Reputation: 71
C++ (Eigen) - Coefficientwise boolean between two differently sized vector
Suppose I have two Eigen Arrays defined as
Array<float, 10, 1> a;
Array<float, 4, 1> b;
Now, I would like to get an Array of Array<bool, 10, 4> result; reading true for every one of the 10 entries of a where it is larger than every of the four entries of b. One way to achieve that I thought of was:
Array<float, 10, 1> a;
Array<float, 4, 1> b;
// ... fill the arrays
Array<bool, 10, 4> result = a.replicate(1 , 4) > (b.transpose()).replicate(10, 1);
In reality, the matrix dimensions are much larger though. This approach works, but I have two questions.
First: if I replace Array<bool, 10, 4> result = ... by auto result = ...,using the result is much slower for some reason (I use it after to do some calculations based on the outcome of the bool).
Second: While this works, I wonder if this is the most efficient approach as I don't know whether replicate requires copying. I could consider iterating over one of the two dimensions
Array<float, 10, 1> a;
Array<float, 4, 1> b;
// ... fill the arrays
Array<bool, 10, 4> result;
for(int i = 0; i < 4; i++){
result.col(i) = a > b(i, 0);
}
which would remove the necessity of using replicate at the cost of adding an iteration.

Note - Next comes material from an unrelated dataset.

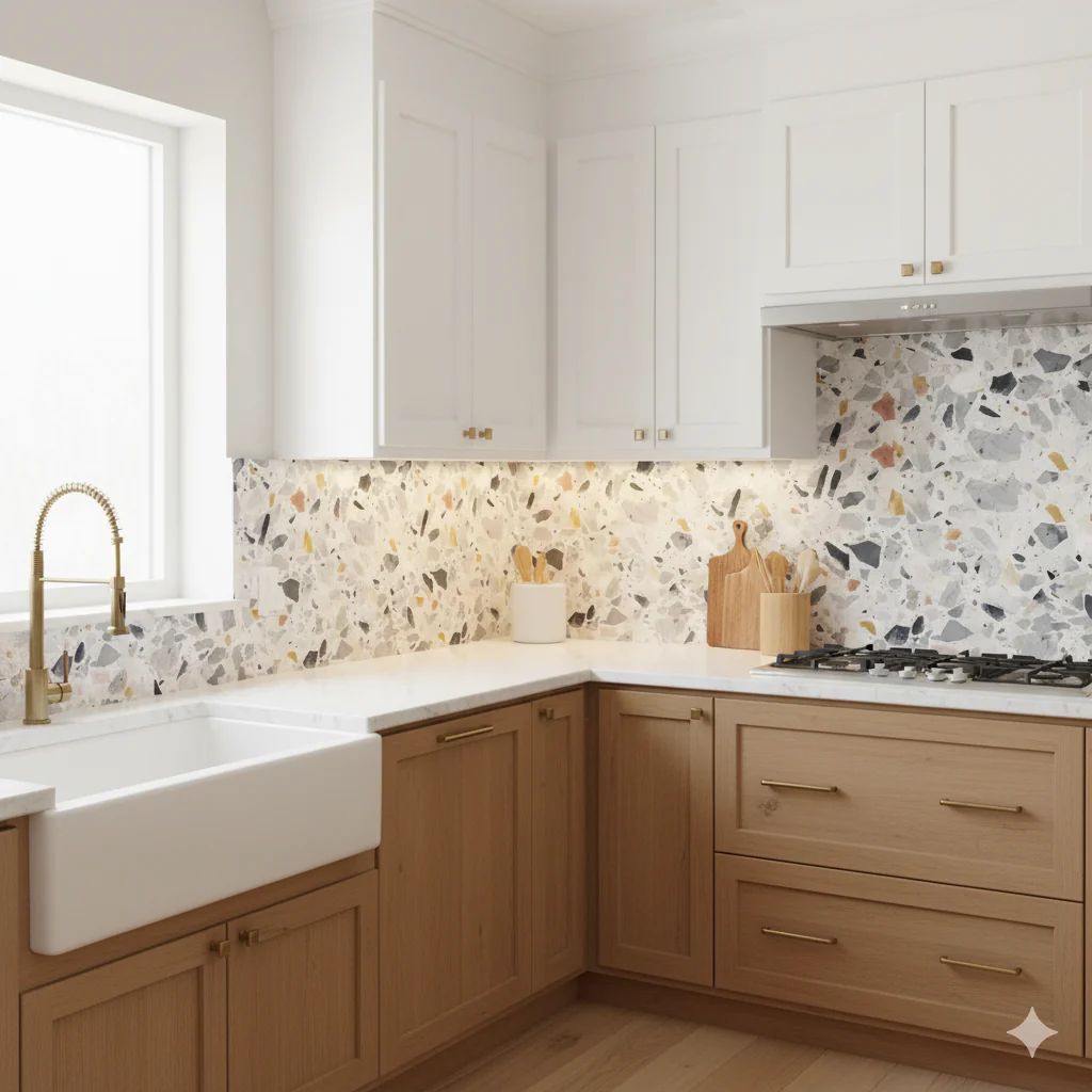Bếp ốp terrazzo hạt màu – backsplash nổi bật nhưng vẫn nhẹ nhàng.

Any help is greatly appreciated!
EDIT:
Here's the chunk of code of interest. It gets called very often and so speedup is of great concern. Right now, this eats up 90% of the overall execution time. It is part of line intersection detection for thousands of lines. My approach was to write all the checks in matrix expressions to avoid iterating over all line pairs. To do that, I build a matrix with n rows for all n lines and m columns for all lines the other n lines could collide with. Then, the line intersection formula can be applied coefficientwise over the big matrices which I hope brings speedup.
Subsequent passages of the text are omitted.